Young Mursi Girl, Body Paint, Ear Modification, Lower Omo Valley, Ethiopia, March, 2010

Out of all the communities we run across in the Lower Omo Valley, the Mursi Tribe seem to attract the most tourists.

The lip plates?

Can it be the way they modify their earlobes?

Maybe the fact that they live in a national park?

Does body paint have anything to do with it?

Do raised patterns on their skin catch the tourists' attention?

With the exception of the lip modification, this young girl has it all. She belongs to the Mursi Community, lives in a national park, adorns herself with wonderful images and boasts beautiful raised patterns on her shoulders as well.

She is however different in that she is missing an opening in her lower lip for the placement of a lip plate. She is near the age when such is done, as a transition to womanhood. Wearing a lip plate is associated with fertility and eligibility for marriage, a sign of sexual maturity.

This is all missing above; or is she perhaps signaling a change in her culture, in the mindset of her people?

According to some accounts, the influence of mainstream Ethiopian culture as well as the introduction of tourists have perhaps challenged internal perceptions regarding this practice.

While older women and men view the lip plate as a transition to womanhood, a certain portion of the younger generation is aware that this practice is seen as 'backward' by the state. While the older generation considers the absence of a lip plate as a sign of weakness, awkwardness and a general lack of grace, the younger generation at times sees it as a transition to the 'modern world.'

A most intriguing article regarding this phenomena is included here for your review.

As for this young Mursi girl, she stands above with strength and balance; she holds herself with a grace that few can rival.

Wednesday, June 2, 2010

Daughter of the Kanjar Community, Rajasthan, India, November 4, 2009

A daughter of the Kanjar Community, she stands before us on a chair with only the sky behind her. A daughter of the Kanjar Community, she plays in alleys where sex is traded out in the open in exchange for payment.

She watches as her aunts and sisters entertain local villagers in the very house that she calls her home. When finished, these very customers will turn and walk in the other direction, barely acknowledging her or her community. When in need, her community is sought after and when in day to day circumstances, it is shunned.

This is the world in which she lives, this is a collection of homes on top of which she stands for her portrait. She has been waiting for over an hour and yet has the wonder of a girl that has just seen the camera for the first time. She is shy at first and then allows her smile to surface for the rest of us to witness.

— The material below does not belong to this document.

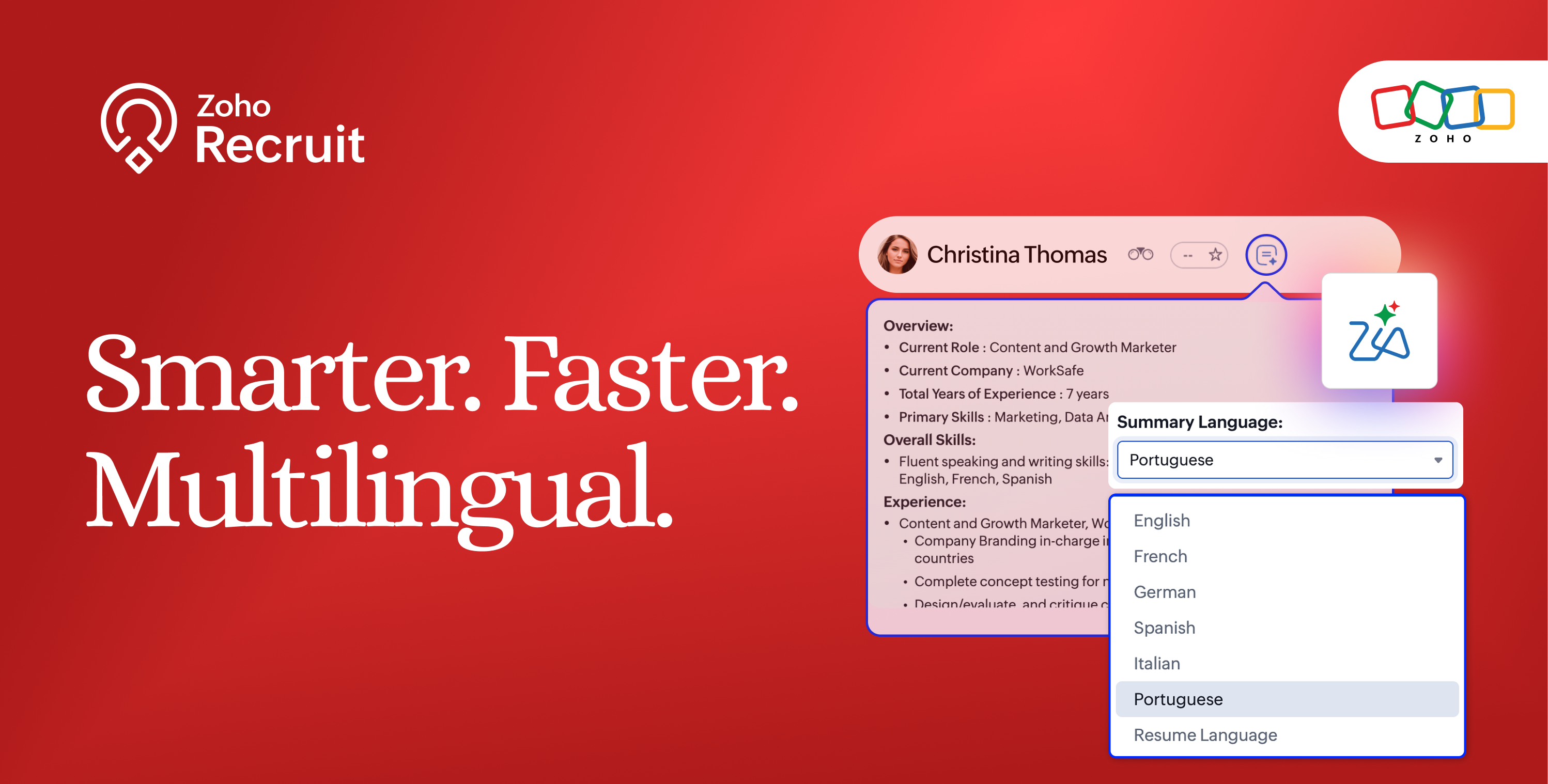 After numerous customer requests, we’ve expanded Zia Profile Summary to do more than just summarize resumes quickly. It can now summarize them in six different languages and deliver results even faster. What’s New 1. Extended language support Zia can

At an average age of fourteen, the girls of this community are sent to the brothels of the larger cities. Their brothers and uncles go along as well, serving as their handlers, as their managers. While this community has seen generations of this life, their history is rich with another life.

In a previous time, they served as traditional entertainers for all castes. They earned their living in a system of trade by playing music, walking ropes, dancing and acting. With the disappearance of this traditional system and without land to their name or a manner of making a living outside of entertainment, they made the transition to the trade of sex.

A foundation is making a difference in her life as this is written. The Nirvanavan Foundation has established a school in her small village, has provided her with a most enthusiastic teacher, one that smiles as he speaks and one that teaches as he smiles. The classroom is filled with their drawings, the shelves stocked with books. A small curtain acts as a signal that one is entering a sacred place.

After the photography, we walk around the village and watch as women go about their chores. Under one tree, a group of people are playing a game. We set the video to work and document their conversations. After which we are led by a man that is to sponsor land for the new school building. He is a proud man and one that is making an effort to help his community find a different way.

We walk to our truck and say our goodbyes, we hope to return next year to a different community.